Quote exactly the lines spanning from the top of the data below to the line that contains "The pre-sounding will", including both.
──────── PROVIDED ENTRIES ────────
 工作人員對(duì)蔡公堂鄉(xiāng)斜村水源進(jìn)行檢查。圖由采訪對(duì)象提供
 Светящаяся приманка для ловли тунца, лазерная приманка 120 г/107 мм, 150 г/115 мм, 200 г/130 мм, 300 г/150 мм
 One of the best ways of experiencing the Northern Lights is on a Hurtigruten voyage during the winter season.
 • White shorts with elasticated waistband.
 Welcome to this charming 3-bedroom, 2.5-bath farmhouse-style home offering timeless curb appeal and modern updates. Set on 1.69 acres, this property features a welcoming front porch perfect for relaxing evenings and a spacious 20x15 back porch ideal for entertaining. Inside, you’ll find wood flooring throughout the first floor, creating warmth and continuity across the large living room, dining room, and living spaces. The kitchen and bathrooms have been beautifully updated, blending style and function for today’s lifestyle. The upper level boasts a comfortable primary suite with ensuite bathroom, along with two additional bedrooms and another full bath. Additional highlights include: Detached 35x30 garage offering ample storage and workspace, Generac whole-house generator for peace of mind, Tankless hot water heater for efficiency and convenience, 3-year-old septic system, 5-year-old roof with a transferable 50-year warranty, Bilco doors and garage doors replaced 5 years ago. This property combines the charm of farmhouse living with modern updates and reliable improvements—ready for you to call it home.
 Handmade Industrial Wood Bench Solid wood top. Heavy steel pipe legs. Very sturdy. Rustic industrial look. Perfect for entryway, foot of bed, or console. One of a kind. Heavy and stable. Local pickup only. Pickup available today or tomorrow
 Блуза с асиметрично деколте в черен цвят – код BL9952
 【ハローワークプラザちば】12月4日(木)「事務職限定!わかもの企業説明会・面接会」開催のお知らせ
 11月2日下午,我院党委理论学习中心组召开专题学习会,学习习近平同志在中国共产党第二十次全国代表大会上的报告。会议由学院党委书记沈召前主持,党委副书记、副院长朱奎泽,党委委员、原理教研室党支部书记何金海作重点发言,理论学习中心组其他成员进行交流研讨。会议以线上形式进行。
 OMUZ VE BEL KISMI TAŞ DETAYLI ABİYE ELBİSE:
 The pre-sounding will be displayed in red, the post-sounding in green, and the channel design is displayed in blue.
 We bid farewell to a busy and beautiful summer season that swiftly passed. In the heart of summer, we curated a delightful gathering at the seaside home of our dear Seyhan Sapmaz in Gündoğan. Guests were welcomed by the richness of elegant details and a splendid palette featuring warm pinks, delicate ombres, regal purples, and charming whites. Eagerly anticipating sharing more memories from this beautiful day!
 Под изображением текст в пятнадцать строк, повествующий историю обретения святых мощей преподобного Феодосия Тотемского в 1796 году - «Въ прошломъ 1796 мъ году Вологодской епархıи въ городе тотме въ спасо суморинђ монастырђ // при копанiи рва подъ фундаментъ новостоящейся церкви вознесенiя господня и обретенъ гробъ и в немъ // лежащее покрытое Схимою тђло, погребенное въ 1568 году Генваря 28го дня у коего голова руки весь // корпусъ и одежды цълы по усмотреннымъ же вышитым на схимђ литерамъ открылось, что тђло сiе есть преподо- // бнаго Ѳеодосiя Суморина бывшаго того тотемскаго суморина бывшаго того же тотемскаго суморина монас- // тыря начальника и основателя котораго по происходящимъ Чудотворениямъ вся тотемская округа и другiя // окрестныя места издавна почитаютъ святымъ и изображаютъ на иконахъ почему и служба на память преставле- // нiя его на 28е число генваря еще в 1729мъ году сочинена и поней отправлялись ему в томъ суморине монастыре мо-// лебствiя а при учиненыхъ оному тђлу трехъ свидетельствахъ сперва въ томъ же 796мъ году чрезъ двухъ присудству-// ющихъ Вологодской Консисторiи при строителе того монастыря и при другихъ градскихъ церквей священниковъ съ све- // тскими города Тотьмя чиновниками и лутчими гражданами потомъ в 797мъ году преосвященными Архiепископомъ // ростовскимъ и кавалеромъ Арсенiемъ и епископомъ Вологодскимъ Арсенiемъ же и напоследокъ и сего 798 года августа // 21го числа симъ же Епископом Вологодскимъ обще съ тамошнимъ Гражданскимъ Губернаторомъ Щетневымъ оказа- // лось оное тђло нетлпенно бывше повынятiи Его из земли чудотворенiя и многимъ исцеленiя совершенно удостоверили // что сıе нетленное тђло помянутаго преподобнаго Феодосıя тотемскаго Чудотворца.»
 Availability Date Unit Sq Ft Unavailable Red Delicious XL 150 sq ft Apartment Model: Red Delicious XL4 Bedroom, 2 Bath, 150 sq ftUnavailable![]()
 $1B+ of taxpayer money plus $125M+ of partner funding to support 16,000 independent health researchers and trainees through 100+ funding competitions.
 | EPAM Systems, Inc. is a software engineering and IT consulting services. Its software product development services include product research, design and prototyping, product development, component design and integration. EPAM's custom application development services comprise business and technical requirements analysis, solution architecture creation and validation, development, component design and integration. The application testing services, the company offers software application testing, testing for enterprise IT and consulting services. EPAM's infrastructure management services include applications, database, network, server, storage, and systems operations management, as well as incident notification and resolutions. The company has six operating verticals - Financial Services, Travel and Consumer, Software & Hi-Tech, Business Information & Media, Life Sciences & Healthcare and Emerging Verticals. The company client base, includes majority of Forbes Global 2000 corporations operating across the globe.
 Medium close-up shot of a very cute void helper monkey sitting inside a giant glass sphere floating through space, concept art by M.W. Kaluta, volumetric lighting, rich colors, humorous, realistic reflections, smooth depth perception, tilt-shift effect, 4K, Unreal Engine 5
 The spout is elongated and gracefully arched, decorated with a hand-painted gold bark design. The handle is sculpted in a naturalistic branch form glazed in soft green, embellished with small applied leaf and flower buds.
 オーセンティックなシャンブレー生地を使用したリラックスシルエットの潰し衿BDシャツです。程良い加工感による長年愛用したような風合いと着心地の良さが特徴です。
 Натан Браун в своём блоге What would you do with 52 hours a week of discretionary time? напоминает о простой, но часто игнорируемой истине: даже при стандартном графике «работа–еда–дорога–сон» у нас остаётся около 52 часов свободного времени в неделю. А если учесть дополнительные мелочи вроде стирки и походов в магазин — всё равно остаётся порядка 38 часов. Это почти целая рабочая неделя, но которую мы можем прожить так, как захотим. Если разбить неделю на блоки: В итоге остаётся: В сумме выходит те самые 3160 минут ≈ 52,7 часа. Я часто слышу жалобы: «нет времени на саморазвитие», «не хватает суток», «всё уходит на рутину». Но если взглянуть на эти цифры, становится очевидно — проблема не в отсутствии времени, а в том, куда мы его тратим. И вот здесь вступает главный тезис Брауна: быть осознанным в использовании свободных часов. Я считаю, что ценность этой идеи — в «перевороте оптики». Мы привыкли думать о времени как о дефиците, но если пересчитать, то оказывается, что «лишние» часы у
────────
ANSWER TO THIS PROBLEM:
 工作人員對(duì)蔡公堂鄉(xiāng)斜村水源進(jìn)行檢查。圖由采訪對(duì)象提供
 Светящаяся приманка для ловли тунца, лазерная приманка 120 г/107 мм, 150 г/115 мм, 200 г/130 мм, 300 г/150 мм
 One of the best ways of experiencing the Northern Lights is on a Hurtigruten voyage during the winter season.
 • White shorts with elasticated waistband.
 Welcome to this charming 3-bedroom, 2.5-bath farmhouse-style home offering timeless curb appeal and modern updates. Set on 1.69 acres, this property features a welcoming front porch perfect for relaxing evenings and a spacious 20x15 back porch ideal for entertaining. Inside, you’ll find wood flooring throughout the first floor, creating warmth and continuity across the large living room, dining room, and living spaces. The kitchen and bathrooms have been beautifully updated, blending style and function for today’s lifestyle. The upper level boasts a comfortable primary suite with ensuite bathroom, along with two additional bedrooms and another full bath. Additional highlights include: Detached 35x30 garage offering ample storage and workspace, Generac whole-house generator for peace of mind, Tankless hot water heater for efficiency and convenience, 3-year-old septic system, 5-year-old roof with a transferable 50-year warranty, Bilco doors and garage doors replaced 5 years ago. This property combines the charm of farmhouse living with modern updates and reliable improvements—ready for you to call it home.
 Handmade Industrial Wood Bench Solid wood top. Heavy steel pipe legs. Very sturdy. Rustic industrial look. Perfect for entryway, foot of bed, or console. One of a kind. Heavy and stable. Local pickup only. Pickup available today or tomorrow
 Блуза с асиметрично деколте в черен цвят – код BL9952
 【ハローワークプラザちば】12月4日(木)「事務職限定!わかもの企業説明会・面接会」開催のお知らせ
 11月2日下午,我院党委理论学习中心组召开专题学习会,学习习近平同志在中国共产党第二十次全国代表大会上的报告。会议由学院党委书记沈召前主持,党委副书记、副院长朱奎泽,党委委员、原理教研室党支部书记何金海作重点发言,理论学习中心组其他成员进行交流研讨。会议以线上形式进行。
 OMUZ VE BEL KISMI TAŞ DETAYLI ABİYE ELBİSE:
 The pre-sounding will be displayed in red, the post-sounding in green, and the channel design is displayed in blue.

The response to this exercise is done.